There has been many a debate and research on how certain racial skin colors were determined. Now an analysis of ancient DNA may reveal how Europeans ‘became white’ after they spread out of Africa
Analysis of ancient DNA suggests that at one point, Europe may have seen populations of hunter gatherers with blue eyes and dark skin.
The Europeans skin developed into lighter shades much later on and Daniel Zadik of the University of Leicester believes that the cause of this may be due to the Middle Eastern immigrants during the Bronze Age.
These various traits may have originated in different ancient civilizations. Concluding that blue eyes may have come from the hunter gatherers in Mesolithic Europe – 10,000 to 5,000 BC, while the other characteristics taken on later from the newcomers from the East.

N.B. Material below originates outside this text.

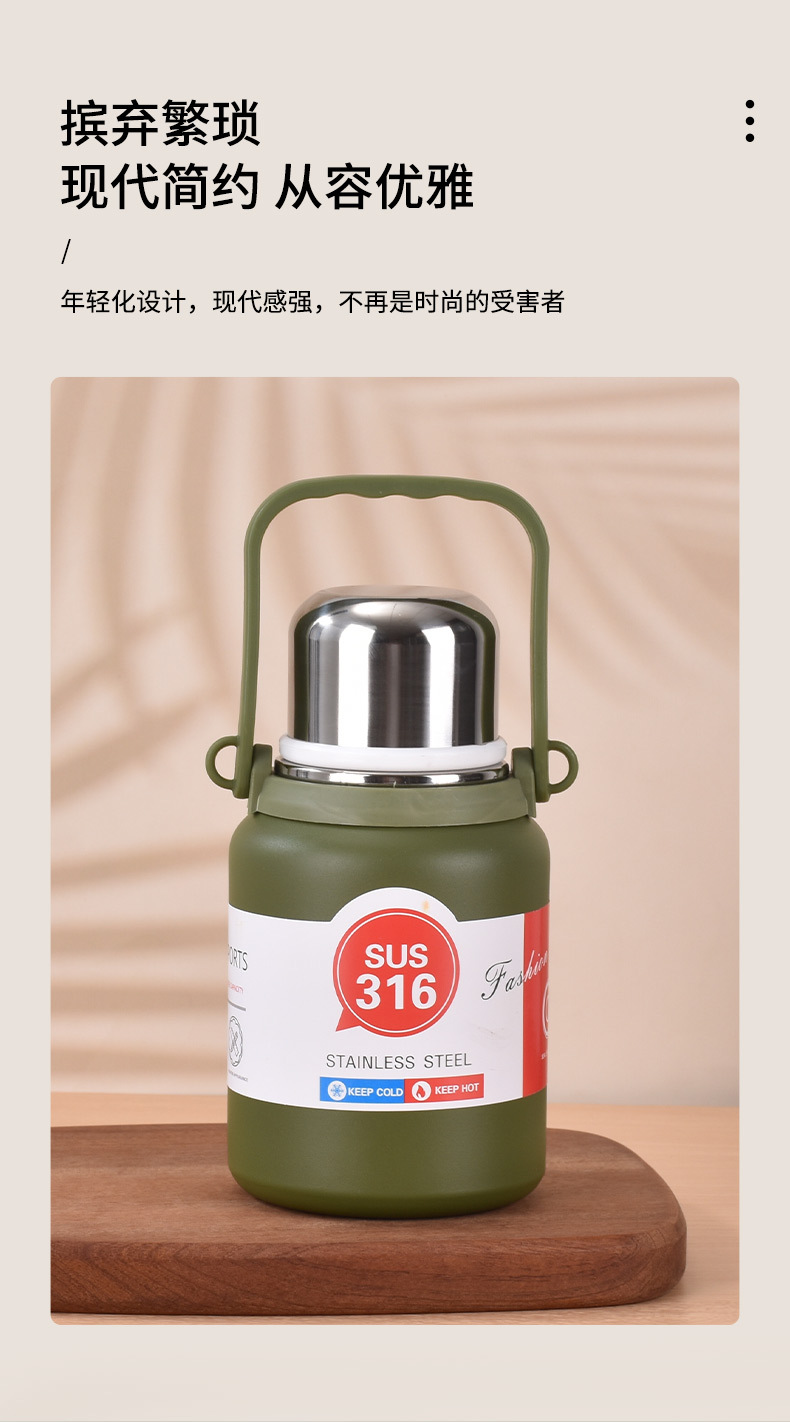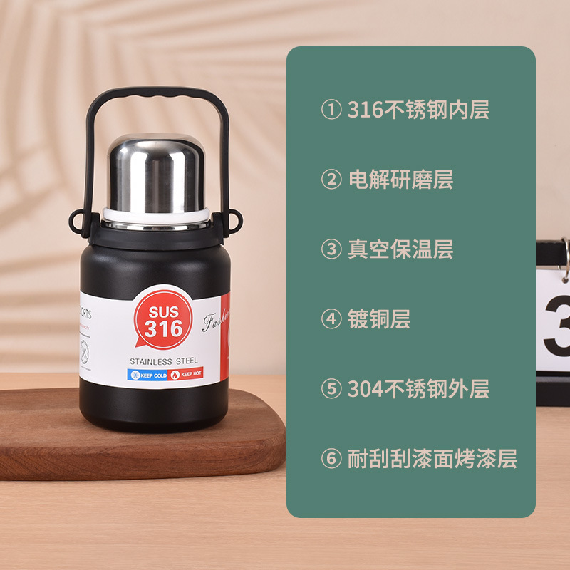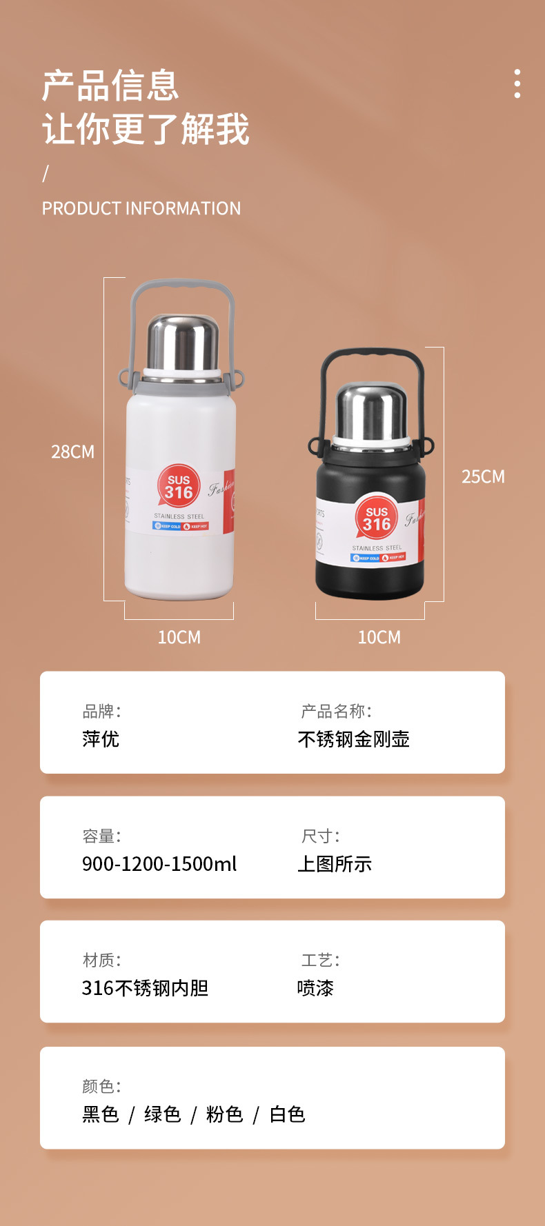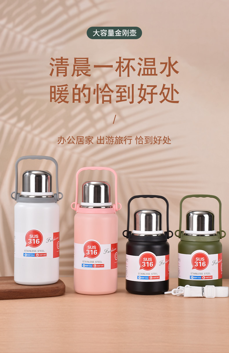网红新款316不锈钢金刚壶保温杯大容量便携提手保温壶带提绳水壶

However a study of two mutations responsible for lighter skin tell a different story; both seem to have been rare in the Mesolithic, but present in a large majority by the Bronze Age (3,000 years later), both in Europe and the steppe. As both areas received a significant influx of Middle Eastern farmers during this time, one might speculate that the mutations arose in the Middle East. They were probably then driven to high levels by natural selection, as they allowed the production of sufficient vitamin D further north despite relatively little sunlight, and/or better suited people to the new diet associated with farming.